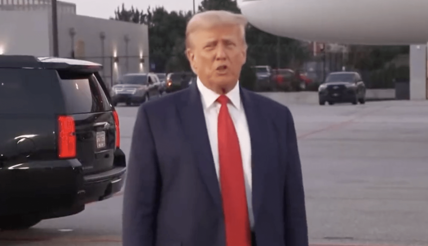 After being arrested and processed at Fulton County Jail in Georgia, former President Donald Trump spoke with reporters on the tarmac on his way out of the Peach State.
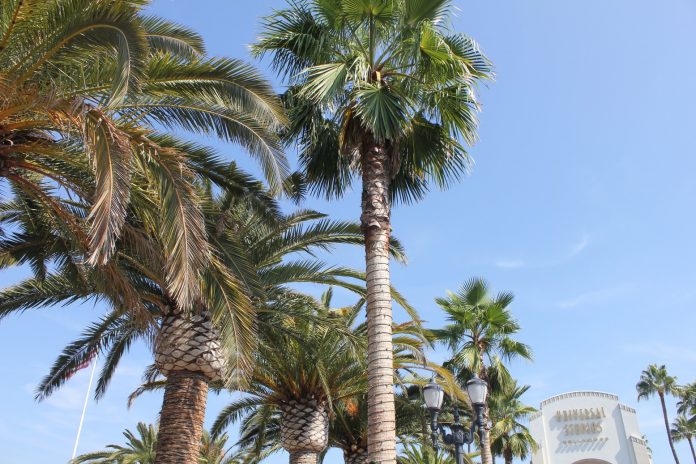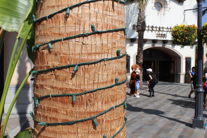 As we posted last week, Universal announced some new offerings in their re-branded holiday offerings – Holidays at Universal Studios Hollywood. Be sure to check out our article detailing the new options, including Christmas in the Wizarding World. Since the event begins November 24, Universal is well underway preparing for the holiday event as lighting has begun to appear on trees near the main entrance as well as on Universal Boulevard.
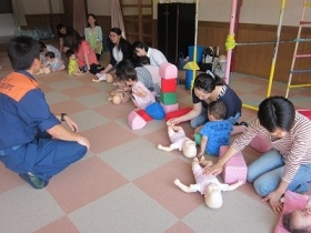 がんばって顔をつけてみたりと、それぞれあそびを見つけて楽しんでいます。
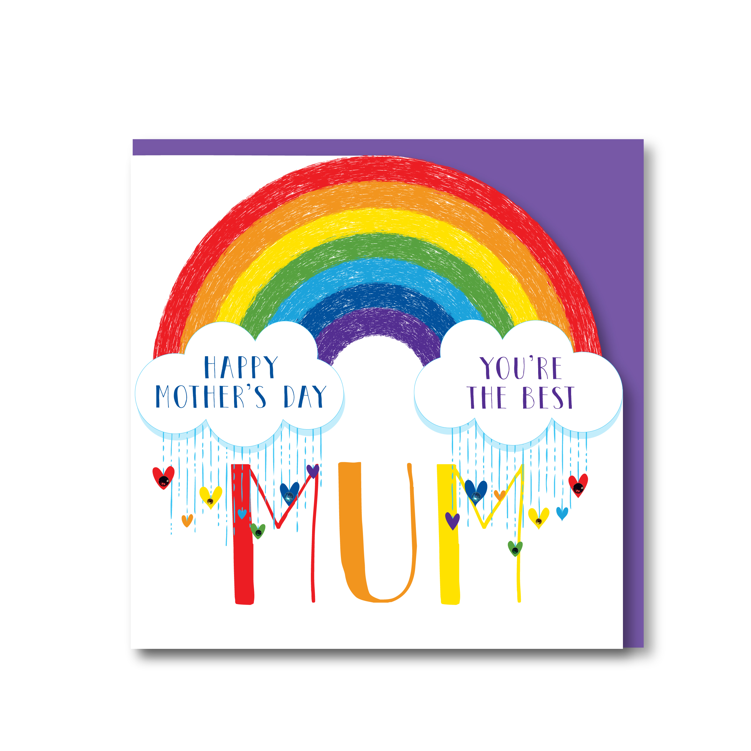 Hanging from the clouds is rain and lovely coloured hearts with 8 matching jewels!
--------------------------------------------------
◆ DIRECTIONS FOR THIS TASK ◆
Your task is to output the material word for word while leaving out every image.

◆ ANSWER FOR THIS EXERCISE ◆
 After being arrested and processed at Fulton County Jail in Georgia, former President Donald Trump spoke with reporters on the tarmac on his way out of the Peach State.
 As we posted last week, Universal announced some new offerings in their re-branded holiday offerings – Holidays at Universal Studios Hollywood. Be sure to check out our article detailing the new options, including Christmas in the Wizarding World. Since the event begins November 24, Universal is well underway preparing for the holiday event as lighting has begun to appear on trees near the main entrance as well as on Universal Boulevard.
 がんばって顔をつけてみたりと、それぞれあそびを見つけて楽しんでいます。
 Hanging from the clouds is rain and lovely coloured hearts with 8 matching jewels!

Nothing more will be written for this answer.